The 1770’s linen paniers – done!

Yay!  The Panier-Along is done! (or at least all the instructions are up, feel free to keep making them and leave a comment on the page with a link to your finished paniers).

Panier-along button2

My paniers are done too.  I won’t have time to do a proper photoshoot with them over a chemise and with stays for a few weeks yet – too busy teaching classes, running off on road trips with friends to the South Island and Art Deco weekend and doing my own sewing to get dressed up.

So here is a quick holder photoshoot with my super-historically-accurate tank top and denim skirt, just to show that they do work:

1770's paniers

1770s paniers

1770s paniers

1770s paniers

The Challenge: Under It All (undergarments)

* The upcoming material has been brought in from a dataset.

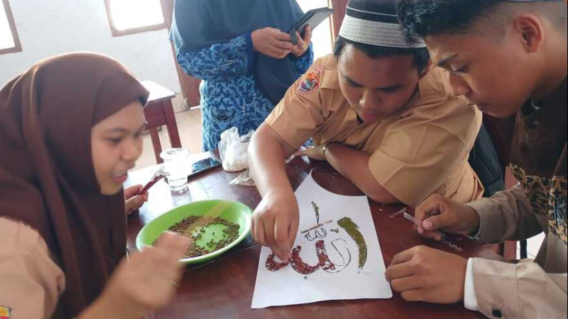 Dalam kegiatan ini mereka dibagi menjadi enam kelompok, masing-masing kelompok telah menyiapkan alat yang dibutuhkan berupa gunting, karton, pensil, kuas, lem putih, biji kacang hijau dan biji kacang merah. Selanjutnya mereka mulai mempraktikkan membuat sketsa huruf-huruf hijaiyah pada kertas, kemudian ditulis bersambung hingga bertuliskan Asmaul Husna lalu diberi lem putih tipis-tipis pada sketsa huruf. Selanjutnya dengan pelan-pelan mereka menaburkan biji kacang hijau secara merata sambil menekan dengan pelan agar biji kacang hijau tadi tidak mudah lepas.
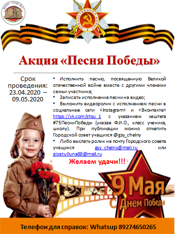 Запишите видео, как вместе со своей семьей поёте песню военных лет. Выложите ролик в Инстаграм или Вконтакте с хештегом #75ПесниПобеды или пришлите на почту Городского совета учащихся – gsy_chelny@mail.ru. Лучшие видео будут опубликованы в официальных аккаунтах ГСУ. Принять участие в флешмобе может любой желающий.

Fabric: Brick-red linen ($2 at an op shop some years ago)

Pattern: self-drafted, based on the pattern in Corsets and Crinolines and other historical examples

Year: 1760-1780

Notions: Cane hooping ($6), heavy twill tape (less than 20 cents at an op shop), twill tape ($1), linen thread (inherited from Nana)

How historically accurate is it? Very – all the materials are as close as I could get to period accurate, and it is hand sewn with linen thread using period stitches.

Hours to complete: 4 of actually sewing, another 8 of documenting and blogging

First worn: Wednesday 6 Feb (Waitangi Day) for photos.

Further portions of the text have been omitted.